**Task requirements:**
With pictures excluded, copy word for word the lines in the data below from the line containing "活动在阵阵甜香与惊叹声中拉开" through the line containing "65Selling a compact".
____________
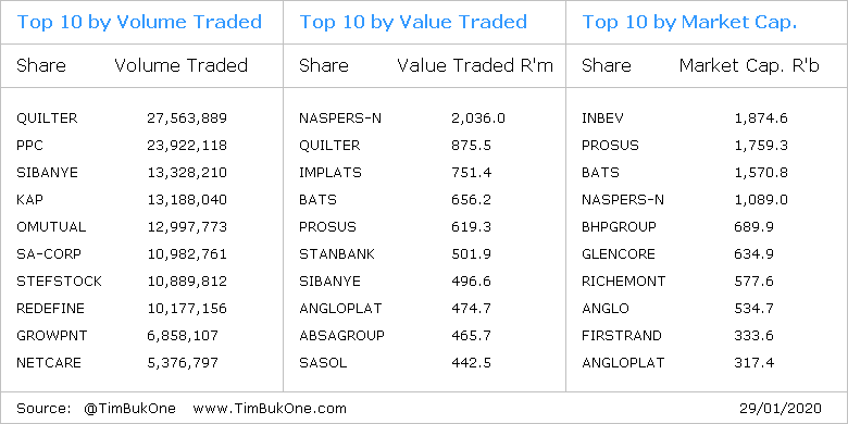 #JSE Trading Stats - 29/01/2020 -#Quilter#Naspers#AnheuserBuschInBev#PPC#PROSUSpic.twitter.com/xgA8FoM5K4
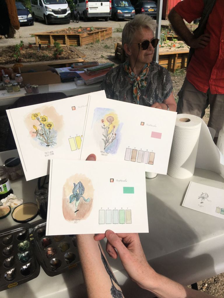 L’association L’Autre champ a été notre premier partenaire. Nous leur avons demandé d’accueillir nos futurs semis dans leur serre. En retour, nous avons proposé de participer à leur festival Plein Champ avec un atelier de découverte des encres végétales . Nous avons pu ainsi présenter au public le projet de Jardin des couleurs.
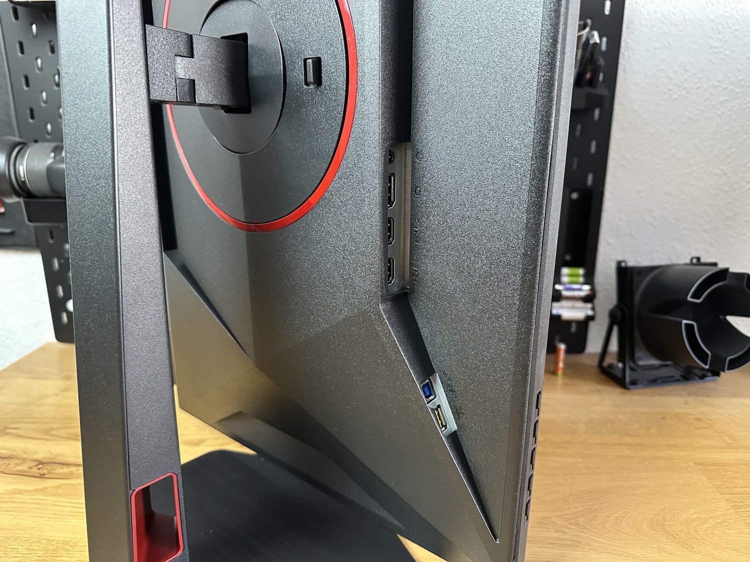 Neben einem DisplayPort 1.4, bietet der Q27G4SRU zwei HDMI 2.1 Anschlüsse, einen USB 3.2 Gen1 Hub (5 Gbit/s), der mittels B Buchse versorgt wird und drei seitliche Ausgänge besitzt, zusätzlich einen extra USB Port unten mit Schnellladefunktion. Das Netzteil ist intern verbaut, sodass die Stromversorgung lediglich mit einem klassischen Kaltgeräte Kabel erfolgt. Oberhalb des Displayports befindet sich noch ein 3,5 mm Klinkenanschluss für Tonausgabe an Kopfhörer. Der Q27G4SRU hat allerdings auch zwei je 2 W Lautsprecher verbaut. Diese sind aber eher als Nice to have anzusehen, denn die Qualität der Audioausgabe reicht für Windows Sounds, das gelegentliche Youtube Video und Radio, aber wirklich drauf gamen oder einen Film schauen möchte man nicht. Eine Buchse für ein Kensington Lock ist ebenfalls rückseitig vorhanden.
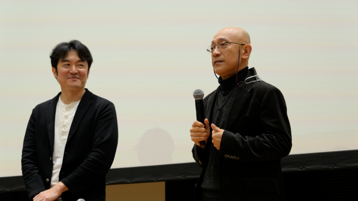 写真:上映会でのドキュメンタリー映像の藤井裕也監督(右)と代表の清水
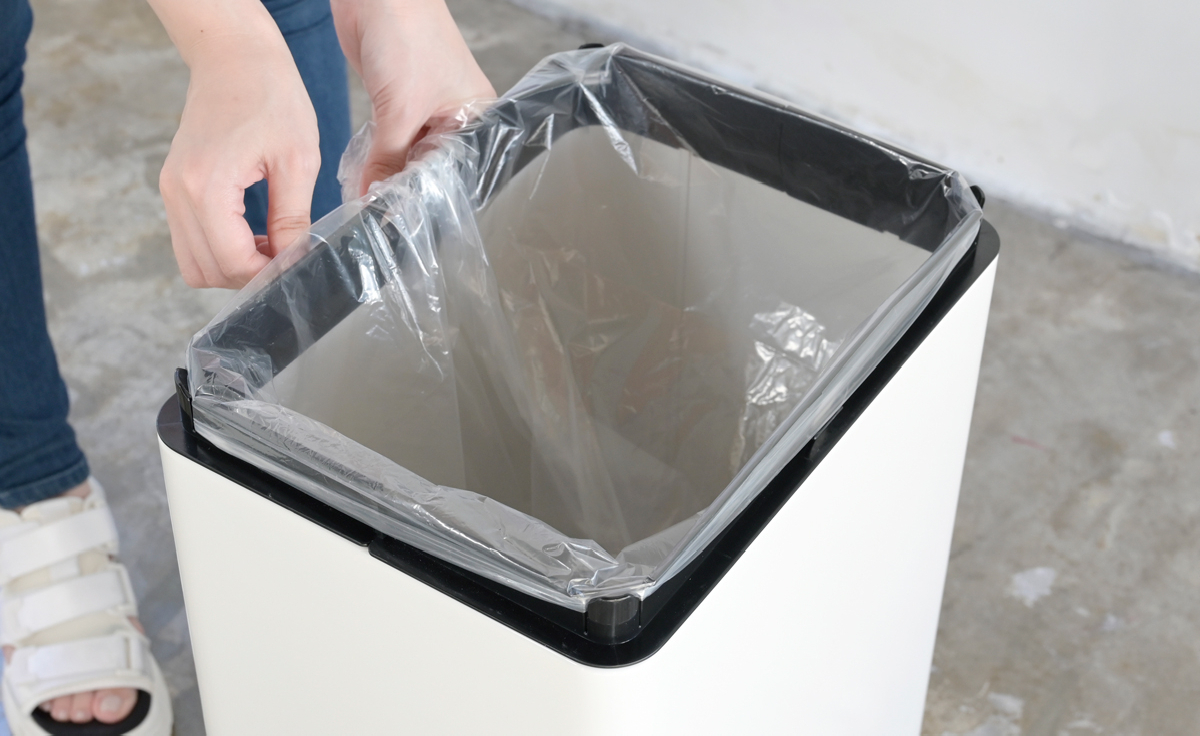 すき間の少ない被せ式の蓋なので、匂いの広がりを抑えます。ゴミ袋を留める溝が内側に付いているので、見た目もスッキリ★
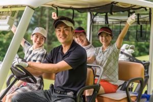 カートの利用: カートを使用する場合はコース内の指定区域(カートパス)を走行し、フェアウェイやラフには乗り入れないようにします。同じ組でカートを利用するときは順番を決め、譲り合って利用しましょう。
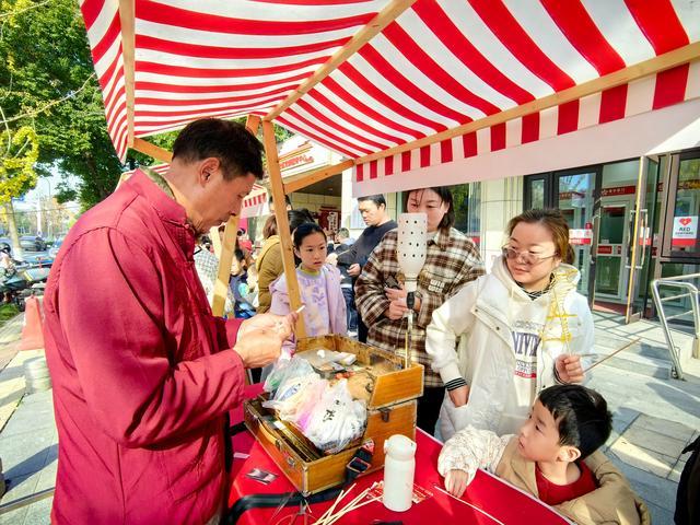 活动在阵阵甜香与惊叹声中拉开帷幕。在“非遗传承”区域,捏面人的艺人十指翻飞,彩色的面团瞬间化作栩栩如生的孙悟空、猪八戒;画糖画的师傅以勺为笔,以糖为墨,寥寥数笔,一只只灵动的小兔子、威武的龙便跃然板上;剪影艺人则凭借一把剪刀一张纸,精准地捕捉居民们的侧影轮廓,引得大家连连称奇。一旁的冰糖葫芦和棉花糖摊位前更是排起了长队,晶莹剔透的糖葫芦与蓬松如云的棉花糖,不仅甜在嘴里,更暖在心里,唤起了许多人的童年记忆。
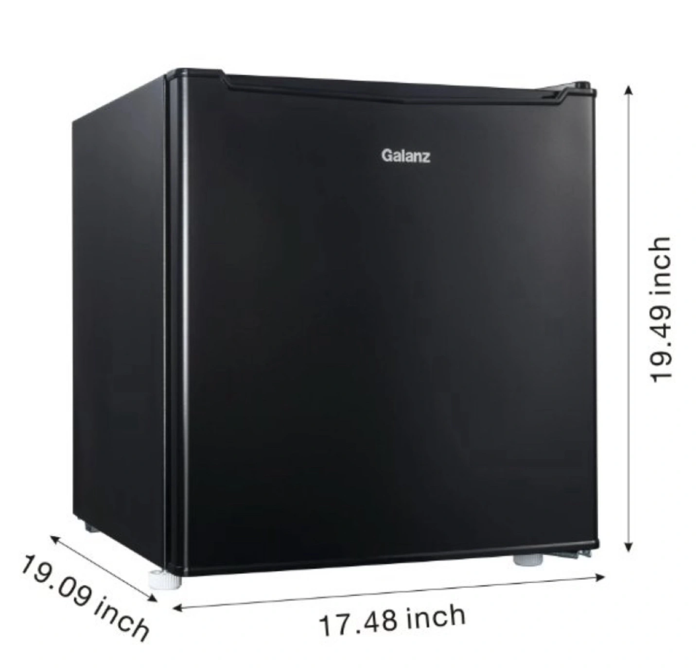 65Selling a compact Galanz mini fridge in black. It's perfect for a dorm room, office, or small apartment. The dimensions are approximately 19.49 inches tall, 19.09 inches wide, and 17.48 inches deep. Great for keeping your drinks and snacks cold! Originally $120 + tax Used for a week while waiting for my replacement fridge FREE DELIVERY IN CHICAGO/EVANSTON
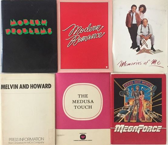 Collection of 6 press kits with black and white publicity stills included, sized mainly 8x10's. (1980's). From 20th Century Fox "Modern Problems" (1981), from Columbia Pictures "Modern Romance (1981), from MGM "Memories of Me" (1988), from Universal "Melvin and Howard" (1980), from Warner Brother's "The Medusa Touch" (1978), from 20th Century Fox "Mega Force" (1982).
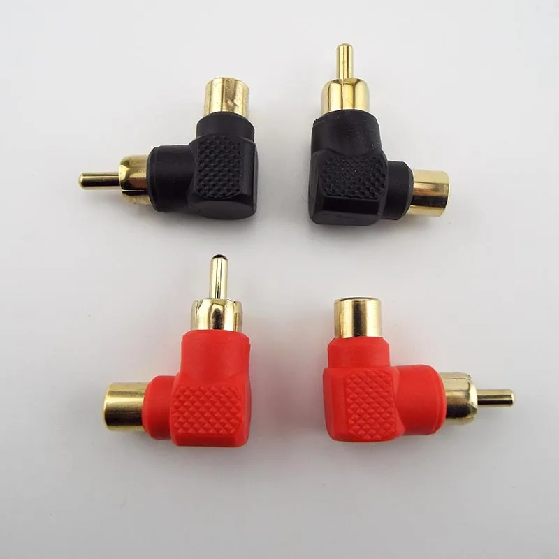 Adaptadores de enchufe de conector de ángulo recto macho a hembra RCA de 90 grados M/F Adaptador de Audio de 90 grados chapado en oro
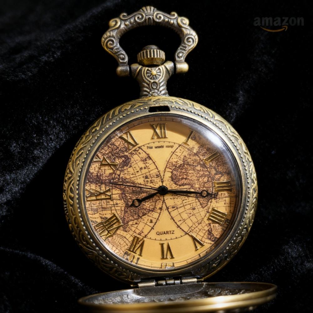 Карманные часы цвета чая, с двойным узором «Земля», унисекс, повседневные, кварцевые, в стиле ретро.
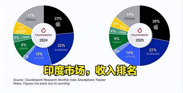 直到2025年,苹果才算是初次销量上排在印度的前五名。
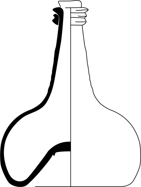 | 4b | bolvormige wijnfles met een uitgezakte buik (uivormig) en een conische hals met een afgeplatte lip, conisch opgestoken bodem met pontilmerk |
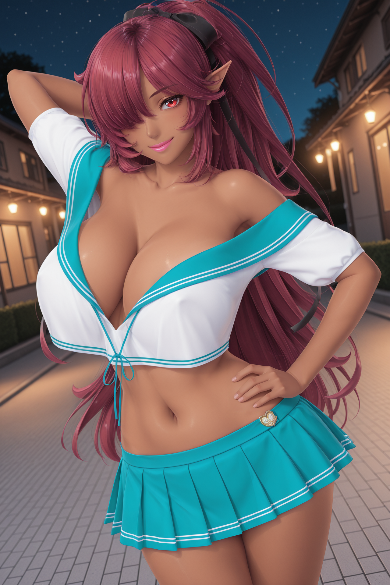 主提示词:1girl, solo, dark-skinned female, pointy ears, very long hair, red hair, hair over one eye, black hair ribbon, red eyes, huge breasts, narrow waist, wide hips, pink lipstick,
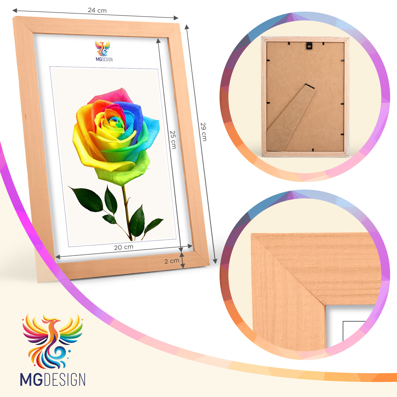 Rámečky jsou vyrobeny z přírodního dřeva, pečlivě opracovaného tak, aby byla zachována viditelná struktura materiálu, která dodává celku přirozený a nadčasový charakter. Přední část rámečků tvoří lehké a odolné plexisklo, které je bezpečnější alternativou k tradičnímu sklu a zajišťuje dobrou viditelnost zarámovaných děl.
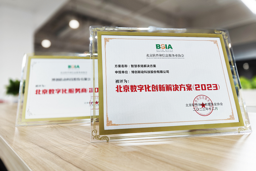 作為國內農機智能化與信息化的領軍企業,博創聯動憑借技術實力、創新能力、人才實力和綜合競爭力入選由北京軟件和信息服務業協會頒發的“北京數字化服務商(2023)”名單,其智慧農場解決方案被評選為“北京數字化創新解決方案(2023)”。
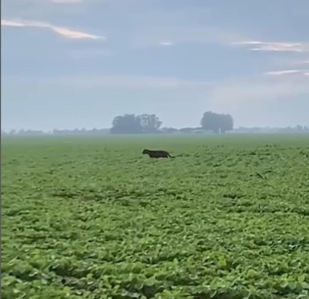 Uma onça-pintada foi flagrada correndo por uma lavoura de soja e atravessando a estrada em Sinop, essa semana.
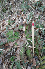 同じ道沿いの炭焼き小屋そばには、同じく園内唯一のアカハナワラビが1個体生えており、マーキングしてあります。
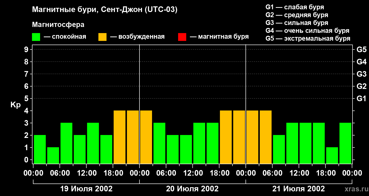 Магнитные бури в Сент-Джоне 21 июля 2002 года
____________
**Response area:**
 活动在阵阵甜香与惊叹声中拉开帷幕。在“非遗传承”区域,捏面人的艺人十指翻飞,彩色的面团瞬间化作栩栩如生的孙悟空、猪八戒;画糖画的师傅以勺为笔,以糖为墨,寥寥数笔,一只只灵动的小兔子、威武的龙便跃然板上;剪影艺人则凭借一把剪刀一张纸,精准地捕捉居民们的侧影轮廓,引得大家连连称奇。一旁的冰糖葫芦和棉花糖摊位前更是排起了长队,晶莹剔透的糖葫芦与蓬松如云的棉花糖,不仅甜在嘴里,更暖在心里,唤起了许多人的童年记忆。
 65Selling a compact Galanz mini fridge in black. It's perfect for a dorm room, office, or small apartment. The dimensions are approximately 19.49 inches tall, 19.09 inches wide, and 17.48 inches deep. Great for keeping your drinks and snacks cold! Originally $120 + tax Used for a week while waiting for my replacement fridge FREE DELIVERY IN CHICAGO/EVANSTON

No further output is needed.